Displays key data output from the principal component analysis (PCA) for the user to view.
This sub-tab provides a direct view of the core numerical results generated by the Principal Component Analysis, typically displayed in a terminal-like output format. It usually shows snippets of the key data tables for eigenvalues, variables, and individuals.
This section summarizes the variance associated with each principal component (dimension).
Variance: The eigenvalue for the corresponding dimension (principal component). Represents the amount of variance captured.
% of var. (Percent of Variance): The percentage of the total dataset variance explained by that single dimension.
Cumulative % of var. (Cumulative Percent of Variance): The running total of the variance explained by including the current dimension and all preceding ones.
This section shows PCA results for the individual samples (rows), typically displaying the first 10 individuals.
Dist: Often represents the squared distance of the individual from the origin (centroid) in the full principal component space. Can indicate how much an individual deviates overall.
Dim.X (e.g., Dim.1, Dim.2): The coordinate (score) of the individual on that specific principal component (dimension). This determines the sample's position in the PCA plots.
ctr (Contribution): The percentage contribution of that individual to the total variance of that specific principal component. High values indicate influential points for that dimension.
cos2 (Quality of Representation): The quality of representation of the individual on that specific principal component. A value closer to 1 means that dimension captures a large portion of that individual's variance. (Note: This is the cos2 per dimension, while the quality plots often show the sum across selected dimensions).

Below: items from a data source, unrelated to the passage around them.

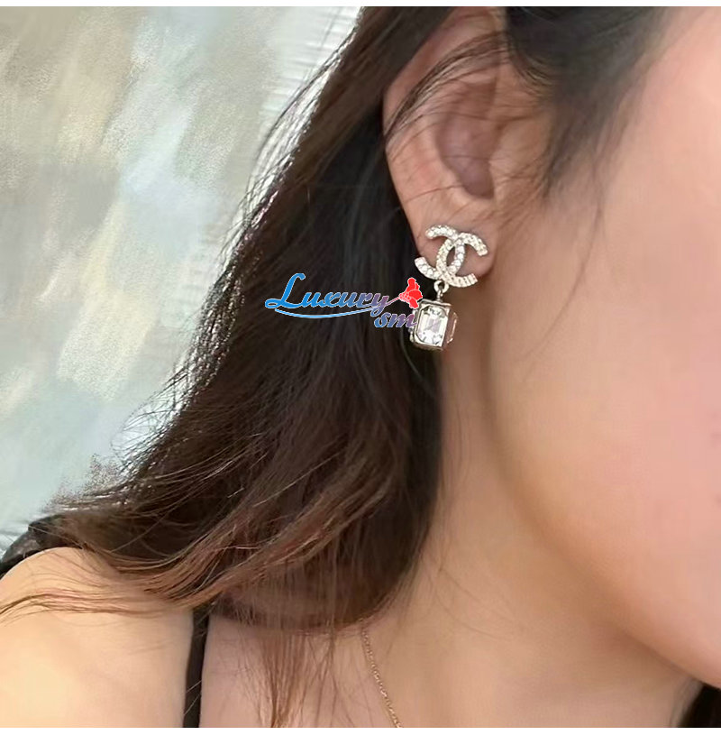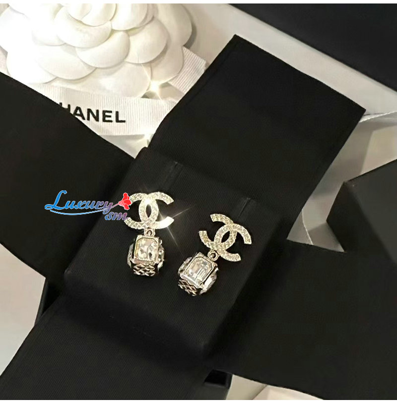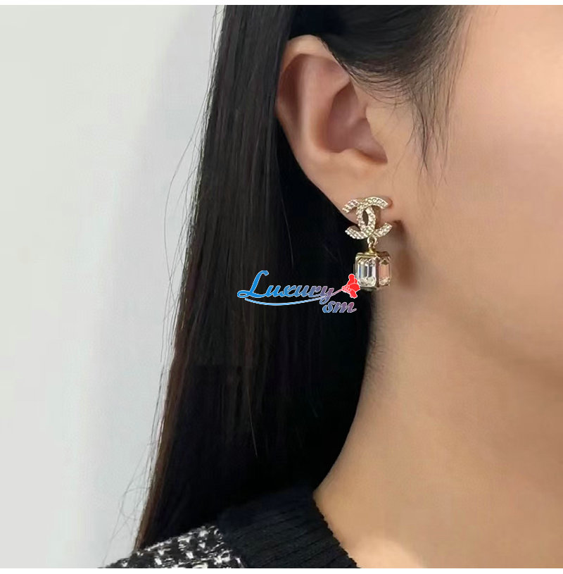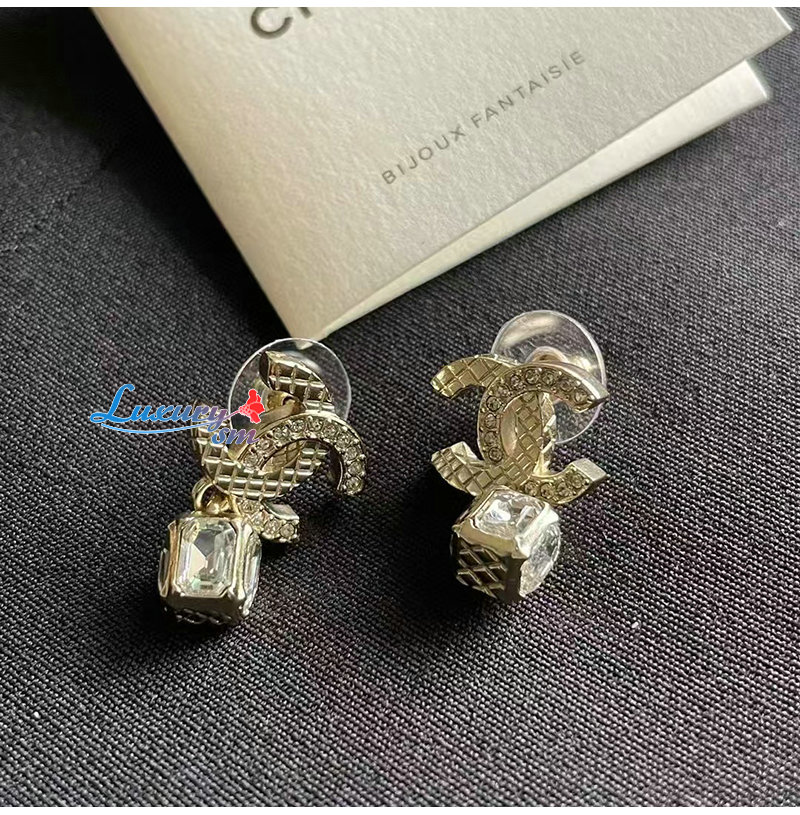CHANEL-7321 샤넬 골드 크리스탈 장식 CC 로고 귀걸이
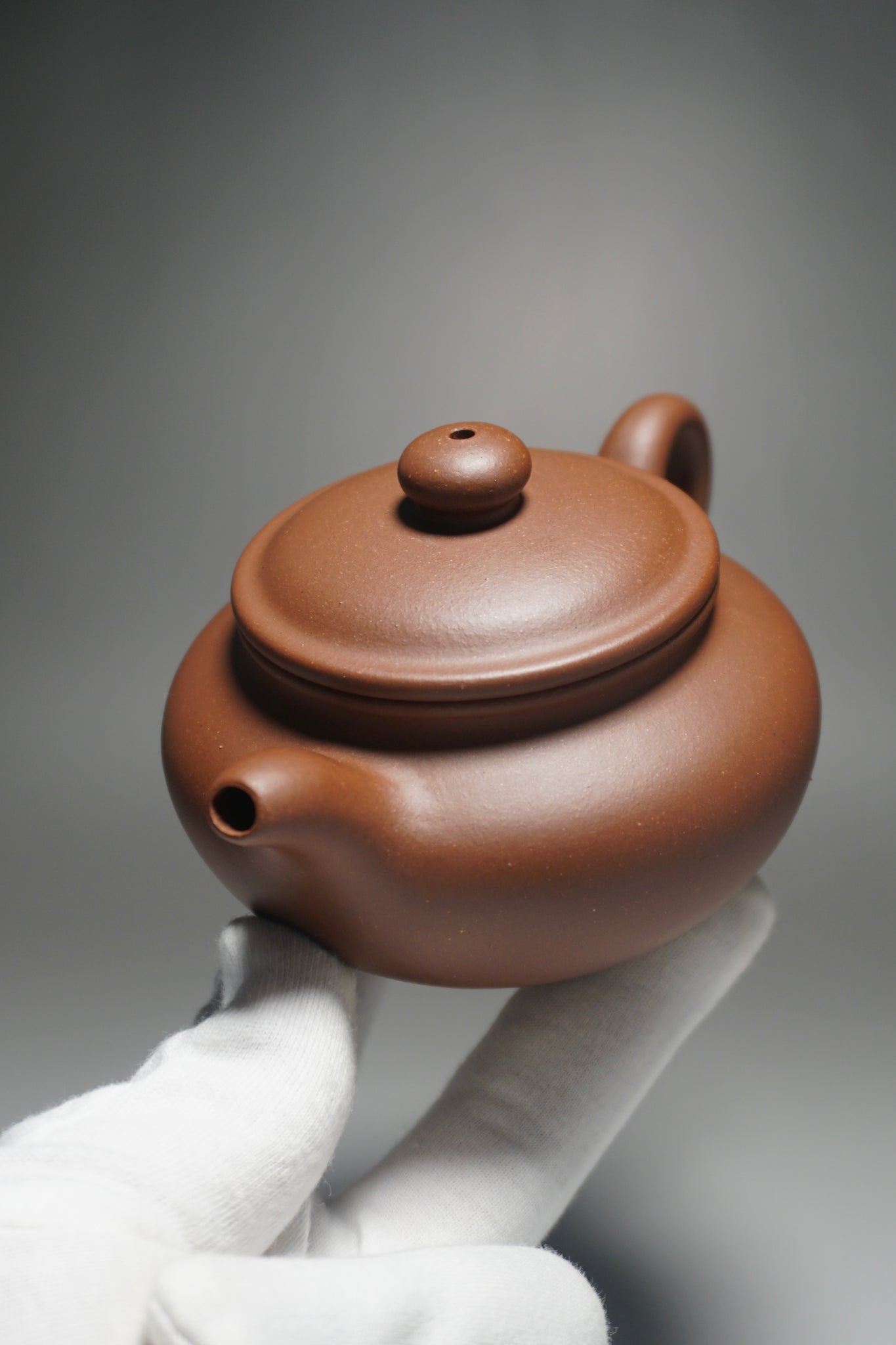This teapot was made of original ore lao zini (old purple clay) mined from Huanglongshan in Yixing. It has been aged for over 9 years. This clay is very versatile and is good for use with most kinds of tea. Click here for more information on zini and tea pairing with Yixing Teapots.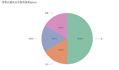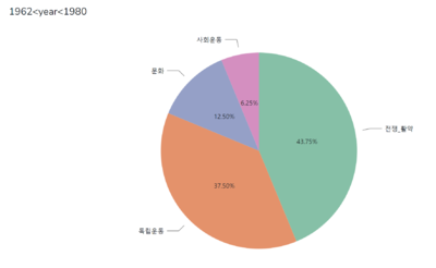 박정희 집권기에는 ‘전쟁_활약’과 관련된 인물들, ‘칼’/’무기’ 등의 item을 지니고 있는 동상의 건립이 집중적으로 나타나며, 애국선열조상건립위원회가 건립에 관여한 동상들의 다수가 같은 특징을 보이는 것으로 보아, 해당 단체의 동상 건립을 통해서 강인한/강력한 이미지를 만들고자 하였음을 짐작할 수 있다.
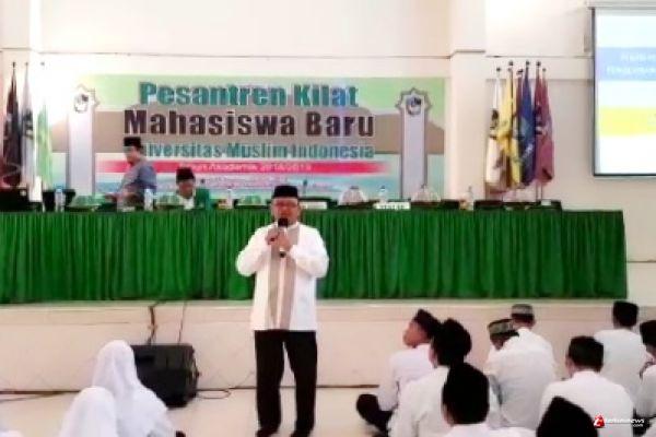 Dihadapan 700 lebih maba fakultas sastra dan pertanian UMI, Sabtu (1/9/2018). Basir mengatakan, bahwa dengan pesantren kilat yang diberikan kepada seluruh maba UMI, bertujuan menghasilkan manusia yang memiliki cirikhas dan berfikir sebagaimana Alquran.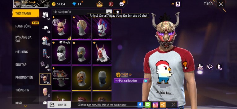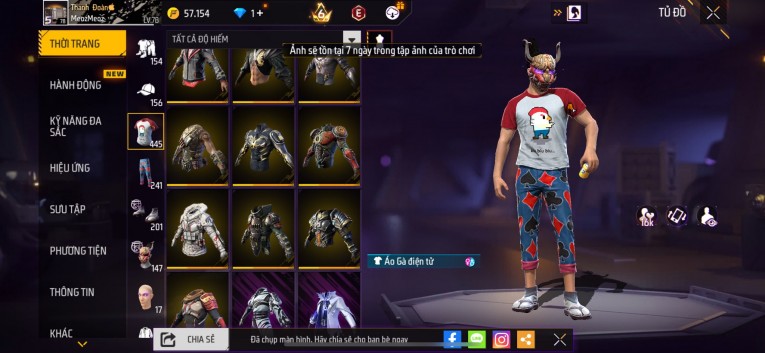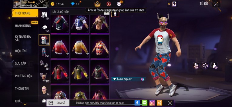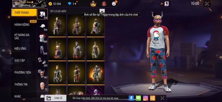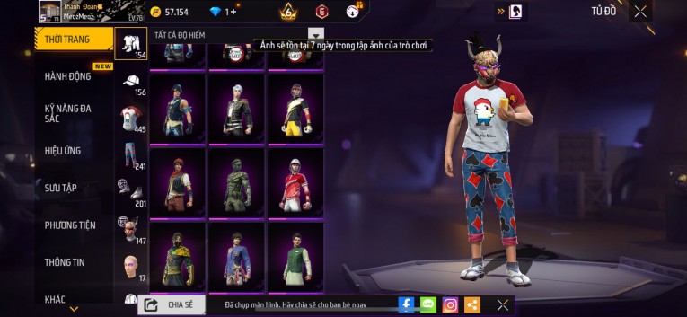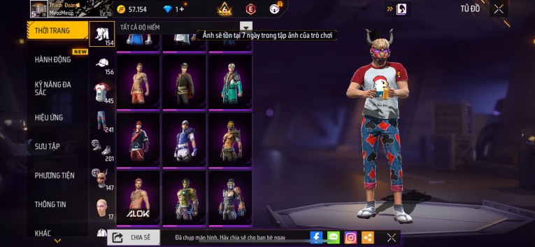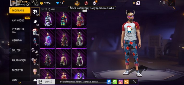Acc chơi lâu, nhiều skin súng xịn, đầy đủ áo và phụ kiện nam. Đồ đủ dùng, đẹp mắt – vào chơi là chiến ngay! Phù hợp anh em thích skin đẹp, súng mạnh, acc ổn định.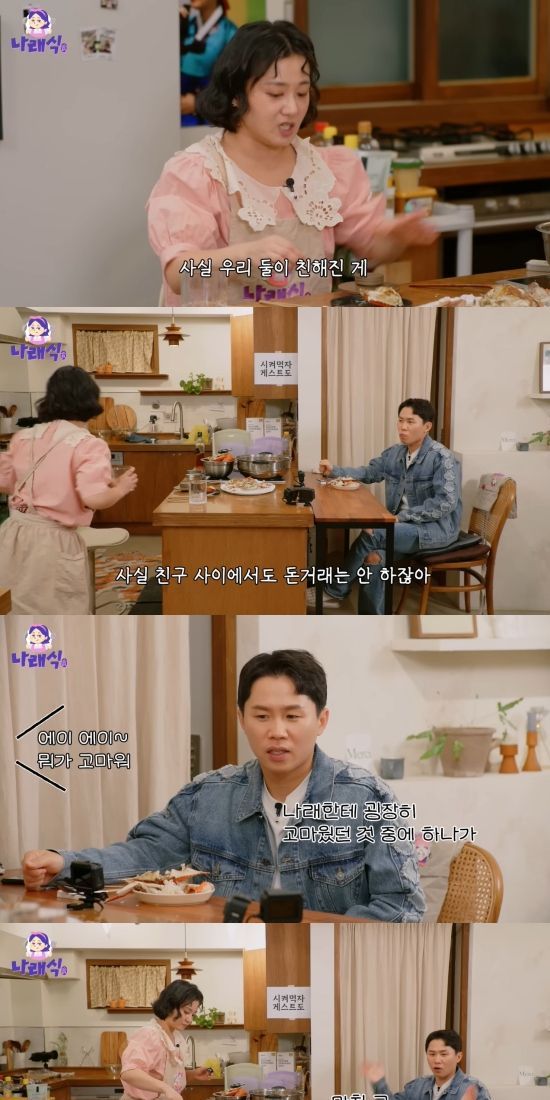 이에 양세형은 "진지하게 먹튀할까 생각했다"고 농담하면서도 "아무튼 그 때 나래가 융통해줘가지고 그 집에서 되게 좋은 일들이 많았다"고 고마워했다.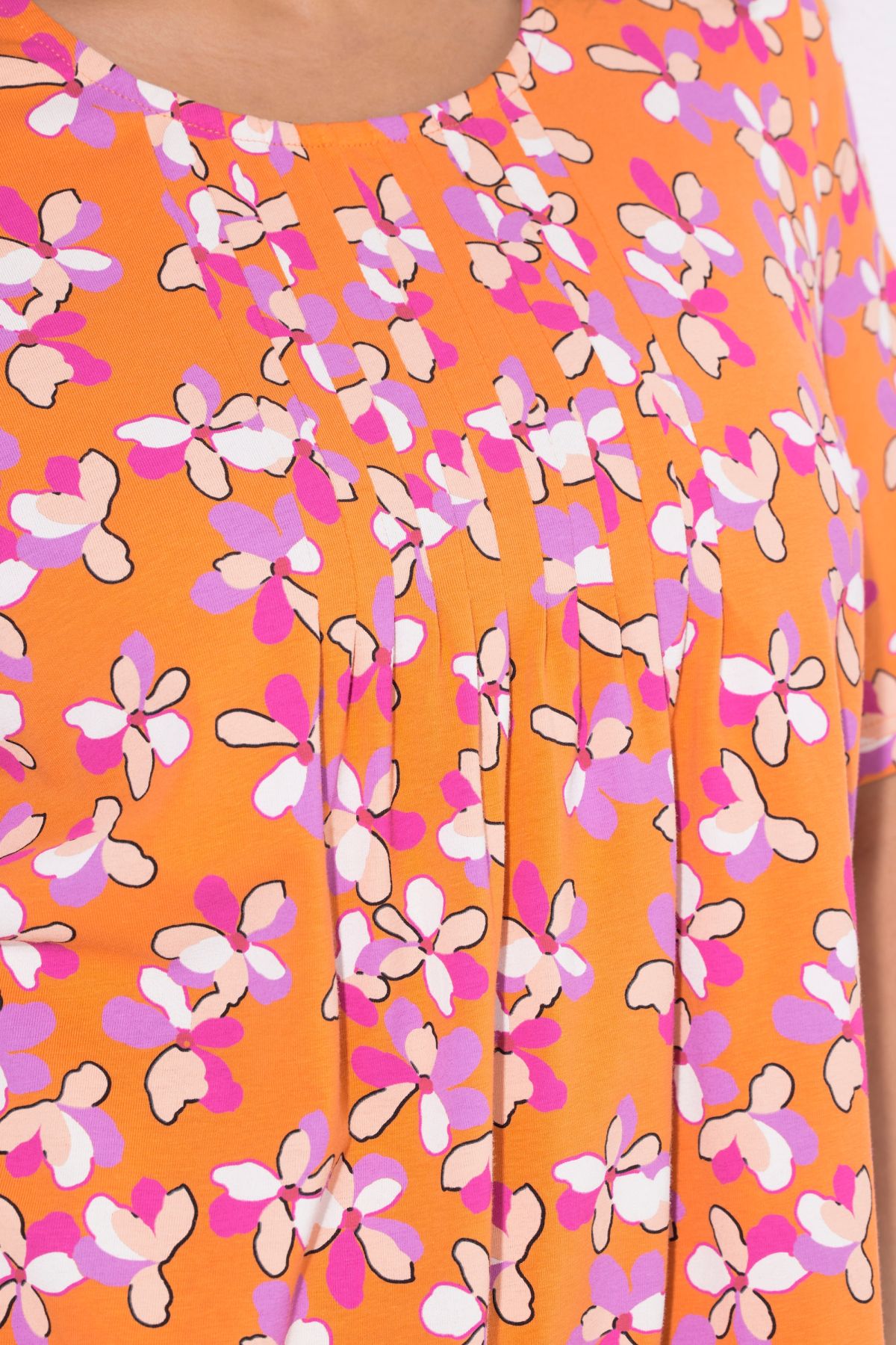 Туника със ситен флорален принт. С кръгло деколте, плисе на бюста и къси ръкави. С А - линия на силуета и странични цепки на подгъва. ОТ мека, памучна материя.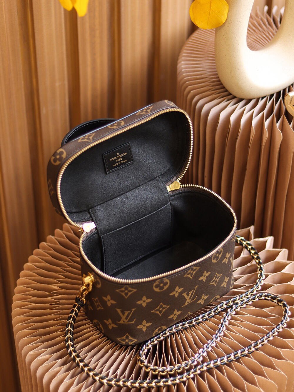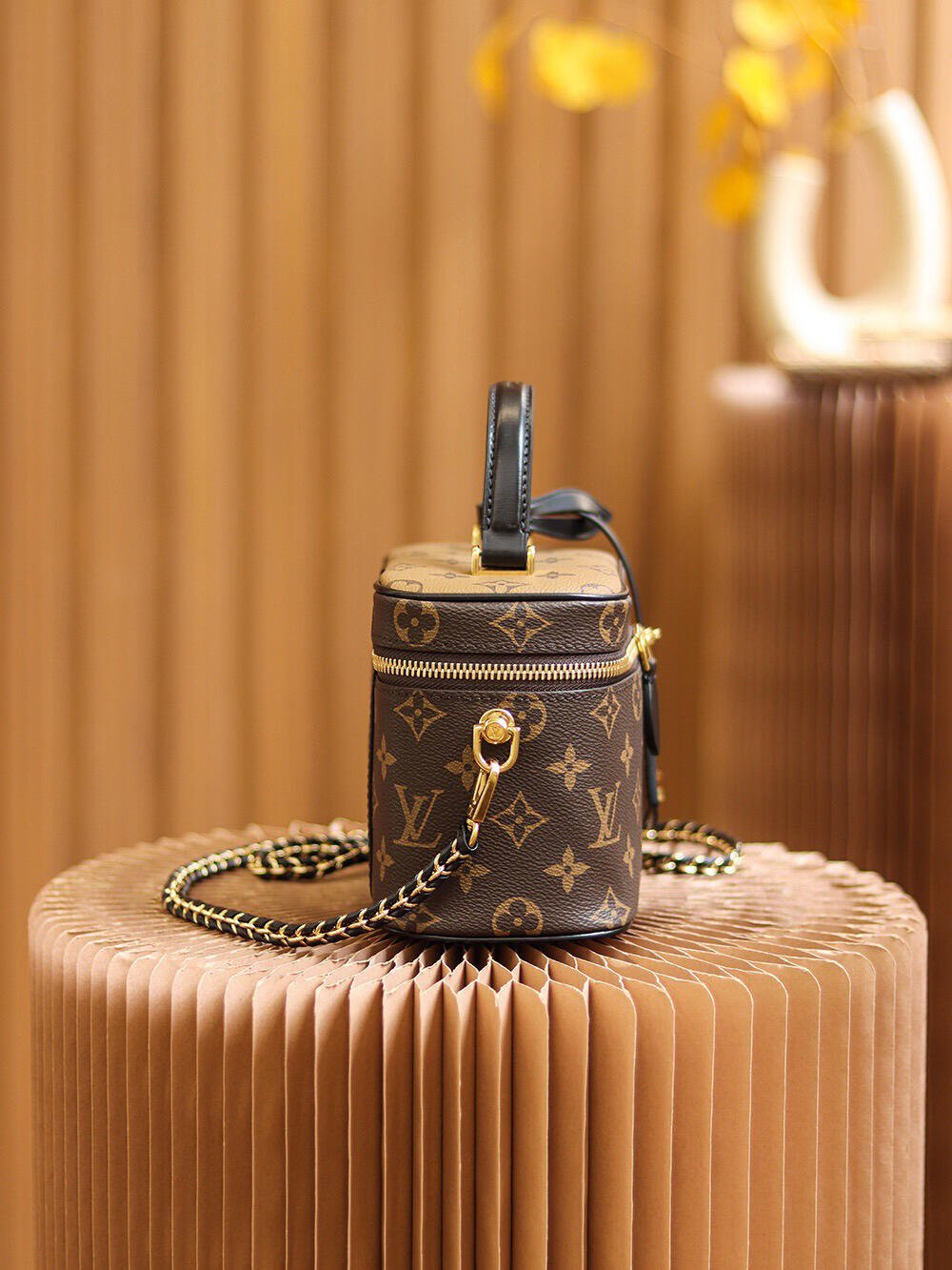 Features: Inspired by Louis Vuitton’s classic Nice vanity case, this lightweight and supple handbag features a top handle and a removable leather-woven chain strap, allowing for hand-carry, shoulder, or crossbody wear, blending the brand’s heritage with modern style.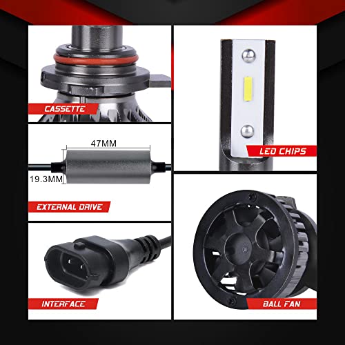 KOYOSO Lampadine 9012/HIR2 LED 10000LM, Kit Lampada Sostituzione per Alogena Lampade e Xenon Luci, 12V 6000K Bianco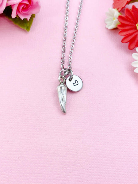 This is a silver-tone chili charm with hand stamped initial charm on brass or tarnish resistant stainless-steel chain.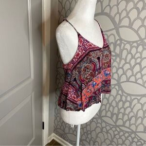 The Impeccable Pig Size S Boho Cropped Blouse V Neck Spaghetti Straps Fuchsia
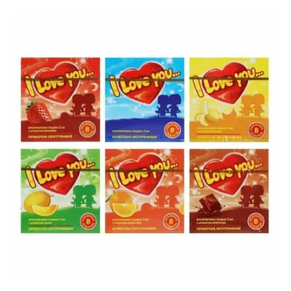 Презервативы I Love You. Яркая упаковка, узнаваемый дизайн. Шесть разных ароматов под любое настроение и наклейка-подарок в упаковке с признаниями в любви на разных языках мира. Гладкие презервативы нового поколения в силиконовой смазке с накопителем.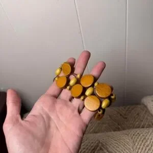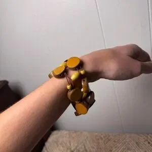 Bohemian-inspired stretch bracelet features a double-row design of polished wooden discs in a warm honey-brown hue. Interspersed with smaller olive-green oval beads and tiny spherical accents, the piece is strung on durable elastic cord for a comfortable, flexible fit. The natural textures and earthy tones make it a versatile accessory for layering or wearing as a standalone statement piece.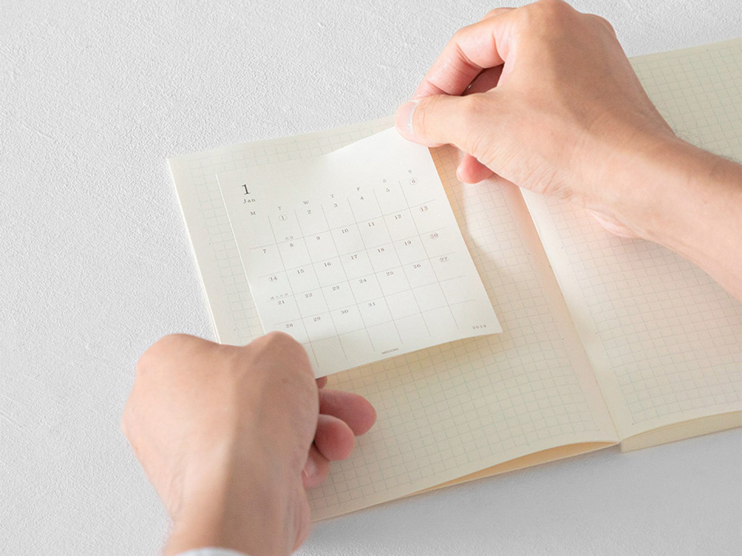 The MD Diary Sticker set for 2026 allows you to use any notebook as a planner. Simply peel and stick the monthly grid layout sticker and your plain page becomes a useful planning tool.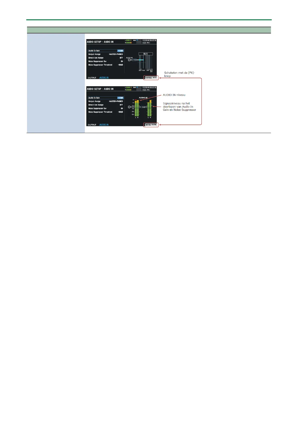 Schakelt tussen de routingweergave van de AUDIO IN-aansluiting en de niveaumeterweergave.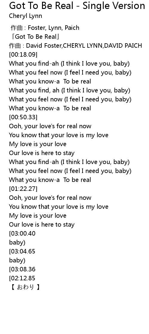 | [00:01.09] | 「Got To Be Real」 |

This section shows PCA results for the original variables (columns), typically displaying the first 10 variables.
Dim.X (e.g., Dim.1, Dim.2): The coordinate (loading) of the variable on that specific principal component (dimension). Indicates the correlation/relationship between the variable and the PC.
ctr (Contribution): The percentage contribution of that variable to the total variance of that specific principal component. High values indicate variables that strongly define that dimension.
cos2 (Quality of Representation): The quality of representation of the variable on that specific principal component. A value closer to 1 means that dimension captures a large portion of that variable's variance.